What Are Other Natural Options for BV?

Probiotics

  • Oral or vaginal strains like Lactobacillus crispatus and L. rhamnosus may help restore vaginal health20.
  • Evidence is mixed, but some supplements may support recurrence prevention.

Hydrogen Peroxide

  • Naturally produced by healthy vaginal bacteria, but commercial douching is not recommended.

Tea Tree Oil

  • Antimicrobial in lab studies, but high risk of irritation. Clinical evidence is lacking.

Other Home Remedies and Supplements

  • Apple cider vinegar, yogurt, garlic, and vitamin C are commonly used, but data is weak and misuse can worsen symptoms.

 

When to See a Healthcare Provider

See a clinician if:

  • Symptoms persist beyond 7–10 days
  • You experience pain, fever, or abnormal bleeding
  • You’re pregnant or immunocompromised
  • You’ve had multiple sexual partners or suspect an STI

BV symptoms (e.g., vaginal discharge, vaginal odor, itching) often resemble sexually transmitted infections like chlamydia or gonorrhea. Untreated BV can increase the risk of STIs and complications like pelvic inflammatory disease21.

The Centers for Disease Control and Prevention (CDC) emphasizes testing and proper diagnosis to ensure appropriate care.

 

BV can flare during hormonal changes, so women in menopause should also consult their provider if they experience persistent symptoms.

 

The Bottom Line – Is Boric Acid Right for You?

Boric acid is not a first-line therapy to treat BV, but it is a clinically supported option—especially for women dealing with recurrent infections. While not FDA-approved, it’s used widely by OB/GYNs and supported by promising research.
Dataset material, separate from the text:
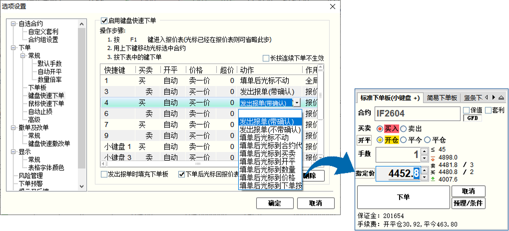 并且快期2中键盘手工下单非常高效,支持设置键盘上任意键作为炒单快捷键,并且对选择的按键设置不同的动作:可直接发出报单,也可以快速填单后在下单板按enter键下单。

If you’re not pregnant, have normal kidney function, and are under the care of a medical provider, boric acid may help restore your vaginal microbiome and prevent future infections.

 

How Happy V Supports Vaginal Health

Want real results—not just short-term relief? Try Happy V’s doctor-formulated boric acid suppositories and targeted probiotics for total vaginal support.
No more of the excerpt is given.